**Assignment:**
Using only the entries below, copy exactly the lines that begin at the one with "Gold 3d Nail" and end at the one with "Czerwone róże, białe", both included. Drop the pictures.

**Task data:**
>>>

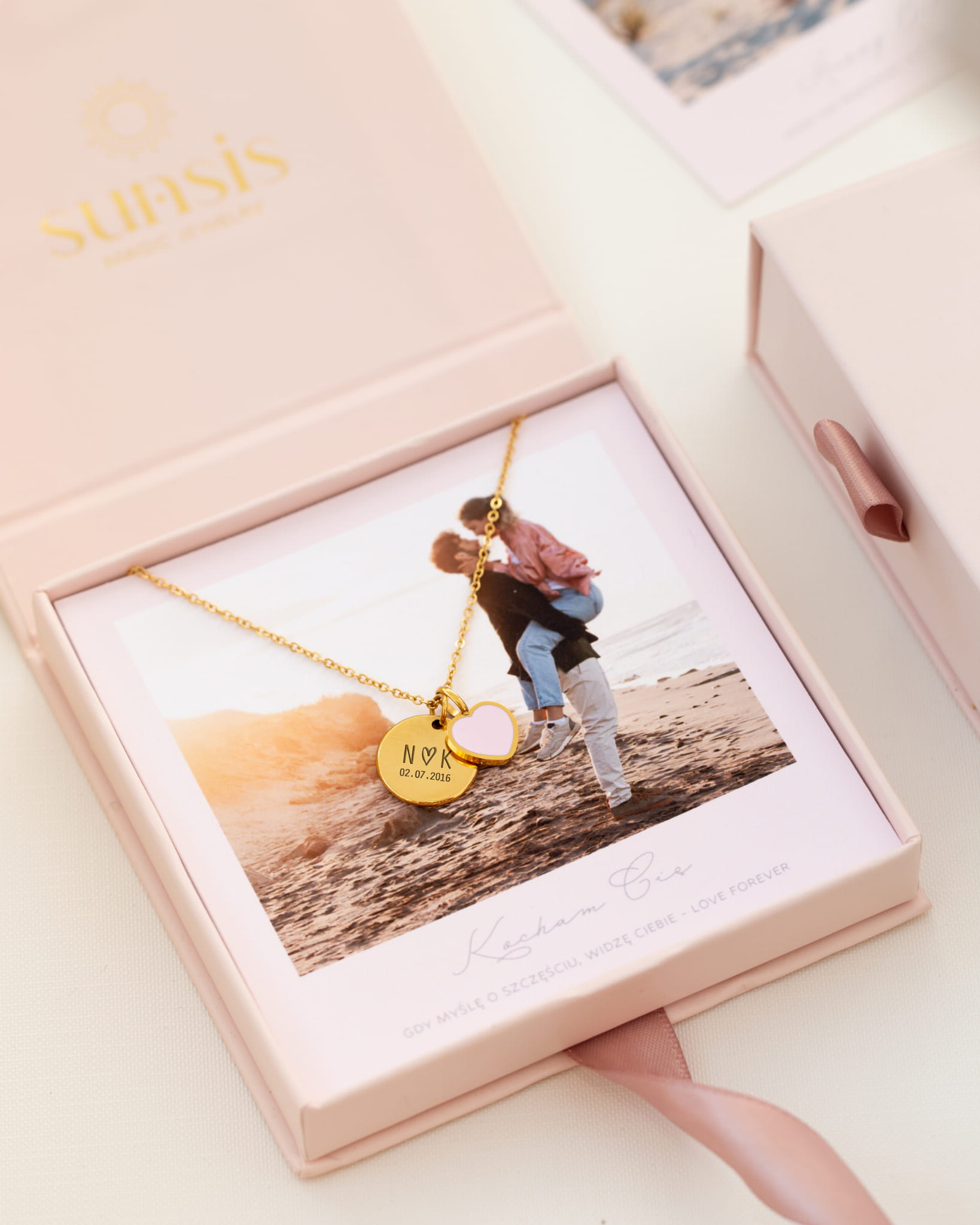 Ten wyjątkowy naszyjnik zapakowany jest w pełni personalizowane ekskluzywne pudełko prezentowe z satynową wstążką, które staje się czymś więcej niż tylko opakowaniem... To piękne tło dla Twoich emocji, wspomnień i miłości.
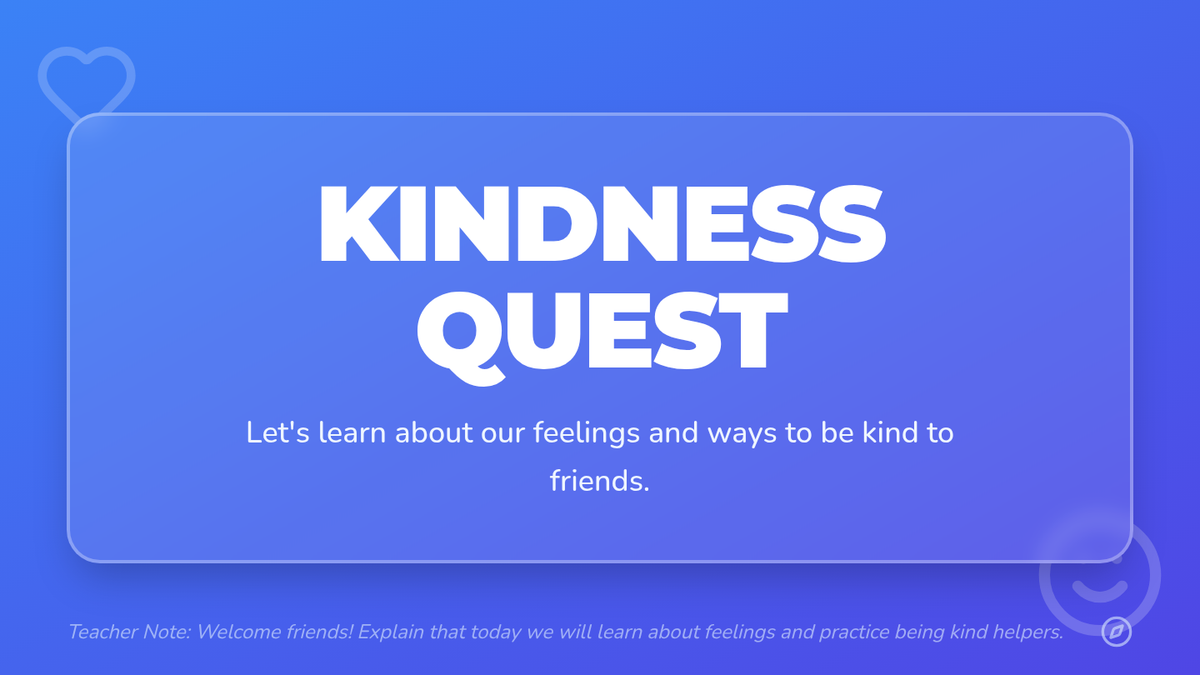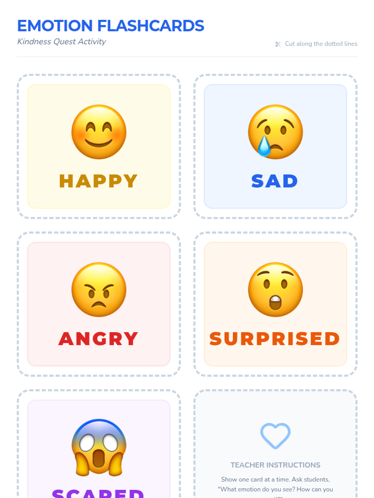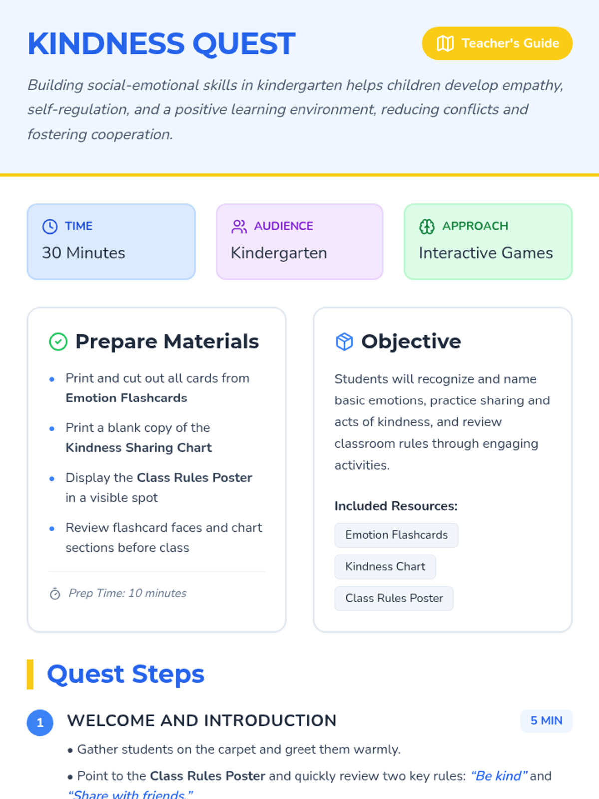 A foundational 30-minute social-emotional lesson for kindergarteners focused on recognizing emotions, practicing kindness, and following classroom rules. Students explore feelings through flashcards and collaborate on a kindness chart to build empathy and positive classroom culture.
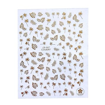 Gold 3d Nail Sticker Coconut Tree Leaf Holo Laser Amazon Com
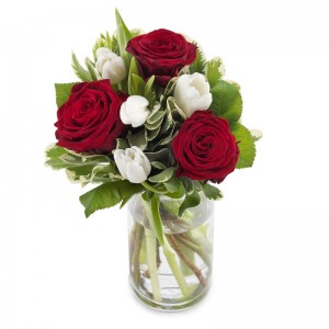 Czerwone róże, białe kwiaty i zielone dodatki tworzą piękny bukiet w klasycznej stylistyce. Idealny na urodziny, imieniny lub bez okazji. Do bukietu ułożonego przez lokalną kwiaciarnię Euroflorist, istnieje możliwość dołożenia bileciku z życzeniami. Cena bukietu nie obejmuje wazonu.
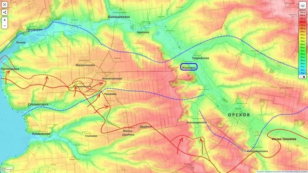 Развитие наступления идет как севернее, так и южнее линии обороны, с общим вектором движения в сторону Юрковки. Закрепление на этом рубеже критически важно для будущей операции по Орехову: контроль над высотами даст преимущество в применении беспилотников и позволит перерезать пути снабжения местной группировки ВСУ, что в перспективе может привести к взятию города и дальнейшему продвижению в направлении Запорожья.
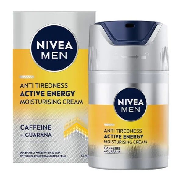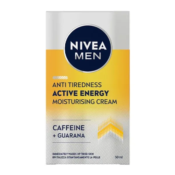 Enriquecida con cafeína de origen 100% natural, la Crema Hidratante NIVEA MEN SKIN ENERGY hidrata y refresca al instante la piel masculina, combate los signos de cansancio revitalizándola de forma duradera, y mejora el estado de la piel para poder mostrar un aspecto sano y lleno de energía. Una crema hidratante especialmente desarrollada para revitalizar la piel cansada del hombre. Fórmula dermatológicamente comprobada. ¿Piel cansada? Que no se te note. Piel llena de vida de forma duradera con NIVEA MEN SKIN ENERGY Crema Hidratante.
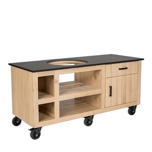 De Buitenkeuken Eiken Classic II met composiet werkblad is een toevoeging voor elke tuin. Deze stijlvolle buitenkeuken biedt ruimte voor een kamado-barbecue en heeft een ruim werkblad. Dankzij de slimme opbergruimtes achter de kastdeuren houd je al je kookgerei georganiseerd en binnen handbereik. Deze buitenkeuken is geschikt voor kamado’s van 15 t/m 22 inch.
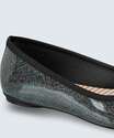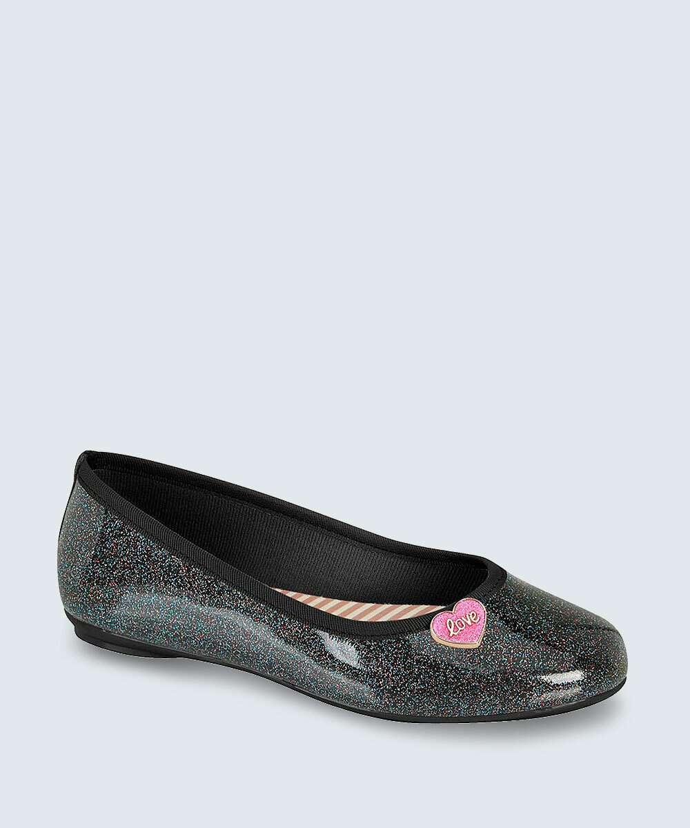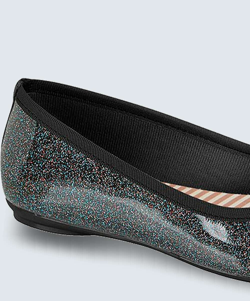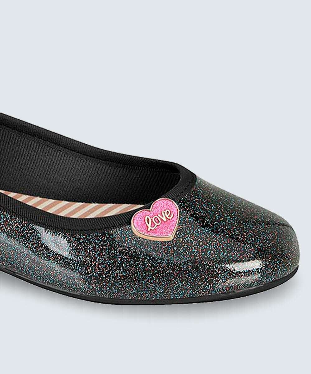 Sapatilha infantil modelo slipper, confeccionada em material sintético com verniz, brilho e bico redondo.
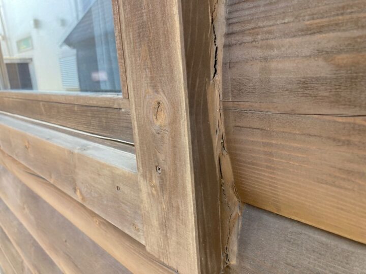 既存外壁材は木製羽目板です。木材は乾燥収縮し割れやすいのが特徴なため、含浸性の木部専用塗料を塗布することを推奨いたします。 -

<<<

**Answer to this task:**
 Gold 3d Nail Sticker Coconut Tree Leaf Holo Laser Amazon Com
 Czerwone róże, białe kwiaty i zielone dodatki tworzą piękny bukiet w klasycznej stylistyce. Idealny na urodziny, imieniny lub bez okazji. Do bukietu ułożonego przez lokalną kwiaciarnię Euroflorist, istnieje możliwość dołożenia bileciku z życzeniami. Cena bukietu nie obejmuje wazonu.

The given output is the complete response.